Tous les sports DOSSIER : Jeux paralympiques de Rio 2016

JO paralympiques : et le handisport en Franche-Comté ça donne quoi ?

Par Anne Pinczon du Sel, France Bleu Besançon mardi 6 septembre 2016 à 19:34

Julien Casoli, l'athlète franc-comtois,  s'entraîne à Vesoul tout près de chez lui
Julien Casoli, l'athlète franc-comtois, s'entraîne à Vesoul tout près de chez lui © Radio France - Olivia Chandioux

Les Jeux paralympiques de Rio démarrent ce mercredi. 11 jours de compétition, 4000 athlètes et 23 disciplines différentes. Des JO en décalé qui seront suivis de près par les 600 licenciés qui font du handisport en Franche-Comté

La star franc-comtoise des Jeux paralympiques de Rio, c'est l'athlète Julien Casoli. Il s'entraîne à Vesoul, il a remporté la médaille de bronze à Londres en 2012 sur le 5000m. Cette année, il disputera le 800m, le 1500m, le 5000m, le relais 4x400m et le marathon.

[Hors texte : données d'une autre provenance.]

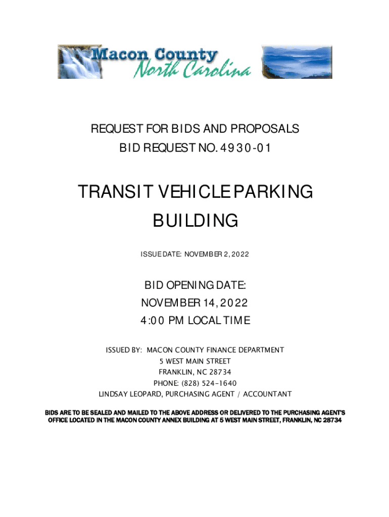 REQUEST FOR BIDS AND PROPOSALS BID REQUEST NO. 493001TRANSIT VEHICLE PARKING BUILDING ISSUE DATE: NOVEMBER 2, 2022BID OPENING DATE: NOVEMBER 14, 2022 4:00 PM LOCAL TIME ISSUED BY: MACON COUNTY FINANCE
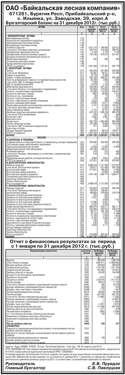 Годовая бухгалтерская отчетность ОАО «Байкальская лесная компания» за 2012 год

Rien que ça.

Il a choisi de rester chez lui, en Franche-Comté pour s'entraîner : "j'ai des potes pour qui Paris c'est magique en termes d'infrastructures, mais moi j'ai une piste à moi tout seul à Vesoul pour m'entrainer, j'ai des entraîneurs dans le coin, je suis à 5 minutes de chez moi en voiture, je ne vois pas pourquoi j'irais m'imposer des contraintes alors qu'ici j'ai de super conditions."

Mais ces conditions, est ce qu'elles sont aussi parfaites quand on n'est pas une star olympique ? En 10 ans en tout cas, il y a eu une nette amélioration. Il y a aujourd'hui 40 clubs qui proposent du sport adapté, ça représente 25 disciplines différentes et 600 licenciés. Et c'est 10 fois plus qu'il y a 10 ans.

Martial Billod-Laillet le président de la section basket-fauteuil de l'ASCC de Brégille à Besançon a commencé le basket il y a 22 ans "parce qu'à l'époque, quand je me suis retrouvé en fauteuil, il n'y avait quasiment que ça" .

Je ne peux pas en vouloir aux gens, moi-même quand j'avais 20 ans je ne connaissais pas le handisport

Mais ça pourrait être encore mieux. Le comité régional handisport n'a pas des moyens énormes. Dans chaque club, il y a des gens qui s'impliquent au quotidien pour trouver des sponsors, organiser des compétitions, gérer la logistique des déplacements et parfois trouver des joueurs pour remplumer les équipes. Des joueurs, des entraîneurs, des présidents de clubs, qui regrettent que leurs sports ne soient pas assez médiatisés.

Pour ces Jeux paralympiques, France Télévisions a décidé de faire un effort. 100 heures de direct sur France 4 pour suivre les exploits des Bleus. Mais comparé aux 2 400 heures de direct proposées pendant les JO valides c'est peu. "On a l'habitude, explique, résigné, Martial Billod-Laillet, même au niveau local, vous n'entendez jamais parler de basket-fauteuil. Il y a des supporters, mais ce sont nos proches. C'est comme ça, je peux pas en vouloir aux gens, moi non plus quand j'avais 20 ans je ne m'intéressais pas au handisport."

Antonio Serra, le président d'Hand Ensemble Besançon estime quant à lui que si le hand-fauteuil devient une discipline olympique, ça pourrait un peu changer la donne : "ça obligerait nos fédérations à organiser des vraies compétitions, on aurait de meilleurs athlètes, on pourrait attirer plus de sponsors."